Старшина удалился. За ним последовали мужики, шумно отдуваясь от приятного, но волнительного известия. Без волокиты, получив документы на ссуду, расписавшись в ведомости, крестьяне покинули контору.
– О, Стёпа, к кому наши имена попали – к самому генерал-губернатору. Имя у него мудрёное: Асинкрит Асинкритович. А вот запомнил, – Евграф светился радостью, словно осколок стекла на солнце за отзывчивую доброту высокого человека, словно он только что лично одарил милостью господ крестьян. Радужность настроения была от того, что там – наверху, глубоко понимают нужды простых людей, радеют за их сытную житуху.
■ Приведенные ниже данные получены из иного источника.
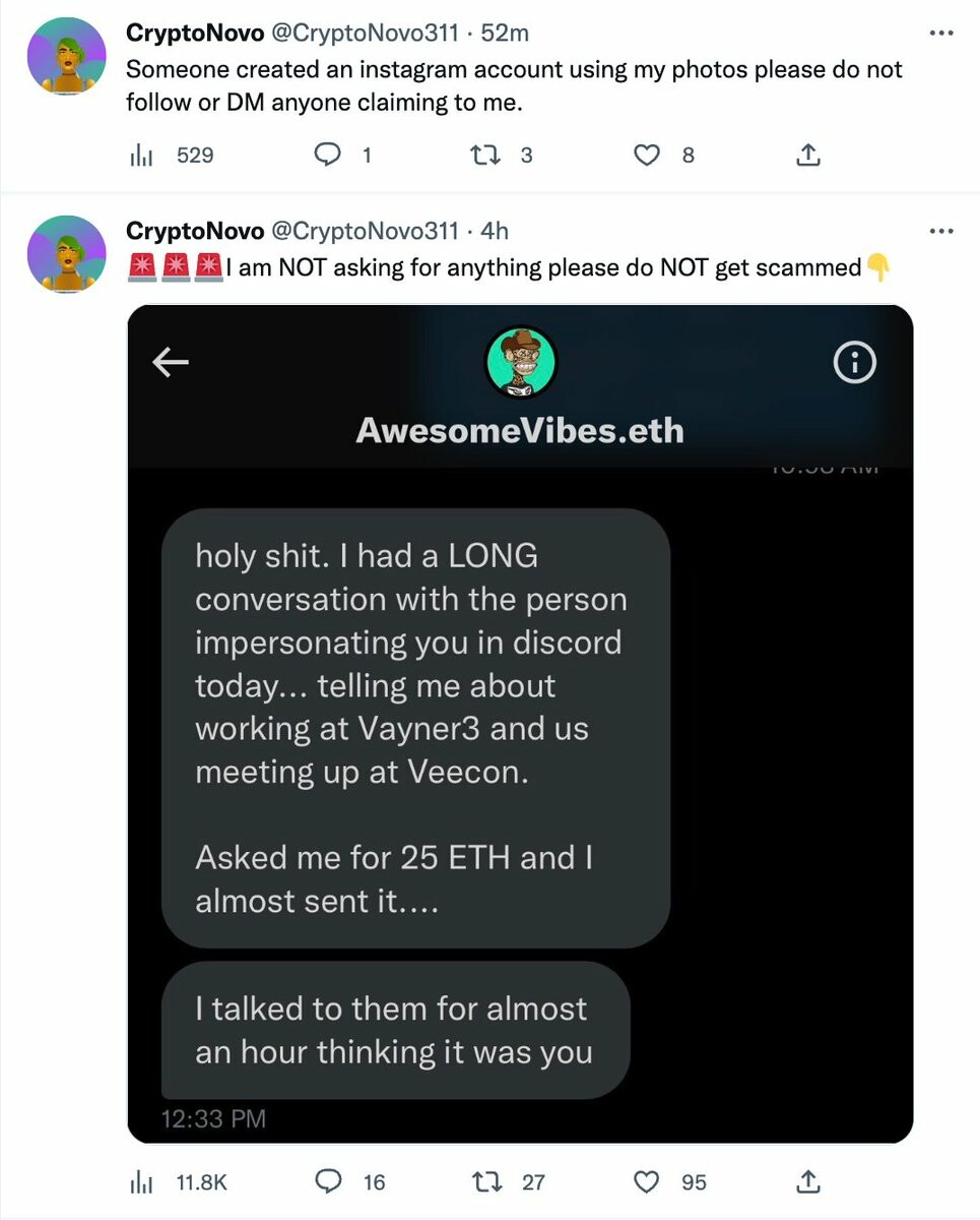 - CryptoNovo @CryptoNovo311 52m Someone created an instagram account using my photos please do not follow or DM anyone claiming to me. CryptoNovo @CryptoNovo311 4h 🚨🚨🚨I am NOT asking for anything please do NOT get scammed👇 (remote)

Евграфу невдомёк, что цель генерал-губернатора и самого государя направлена на всё крестьянство, от которого тащилась убогая слава нищей России, а коль нищий или богат народ, то и государство нищее или богатое и могучее.
– Как такого человека забыть, Граня, – ответил Степан, с благодарно светящимися глазами, – как не отблагодарить преданностью. В такие минуты хмурый день ярче кажется, а скрип снега под ногами, что твоя любимая песня.
– Ото, Стёпа! – орлиные зоркие глаза и в разлёт, словно крылья, брови друга казались Степану более яркими и светлыми.
– Когда сбираетесь бежать в Карасук? – спросил Серафим, не менее взволнованный, чем его знакомые, сослужившие громадную службу на всю жизнь.
– Слыхал, слово старшины – немедля.
– В ночь, что ли пойдёте?
– Завтра с утра пораньше. На третьего петуха встанем, чтоб к кассе вместе с кассиром прибыть. Заночуем, а послезавтра в уезде – ярмарка. Так, Граня? – сказал Степан.
– Не иначе, чтоб двух зайцев убить.
– Дозвольте мне с вами. Гуртом веселее и надежнее, – сказал Серафим, – никак казна на руках будет.
– Чего ж, возражать. Поспешай, только не проспи с молодой жинкой, – кинул он устоявшийся вековечный намёк на постельные отношения с весёлым озорством.
В самом деле, упав в розвальни и тряхнув вожжами, веселя коня, Евграф услышал под полозьями саней и поскрипывание ремней, держащих оглобли, иные весёлые звуки, созвучные поющей душе. Гнедой летел стрелой вдоль домов по укатанной санной дороге, перемахнул через перелесок с плакучими берёзами, опустившими низко свои голые кисти, не сбавляя хода, свернул на убродную тропу к хутору и, кося глазами на хозяина, встал возле ворот хаты, где с нетерпением ждали мужей их жёны, в надежде услышать доброе известие.
12
Грозно громыхнула над Зубково весть о японской войне. В уезде и волости появились царские офицеры, полетел хруст кованых лошадей на утоптанной дороге у земской управы. Последний февральский день не пугал недавними злыми морозами, но был колюч и заставлял носить кожухи, армяки со свитерами и беличьими да заячьими шапками. Указ о призыве на войну расклеен на воротах, возле него толпились люди. Дым цигарок, хмурый настороженный говор, тягучие минуты ожидания огласки списка призыва запасников, ратников, казаков, новобранцев на войну. Волость по числу едоков обязана поставить под ружьё дюжину мужиков до тридцати пяти лет. Кто окажется в этом роковом списке решит земство.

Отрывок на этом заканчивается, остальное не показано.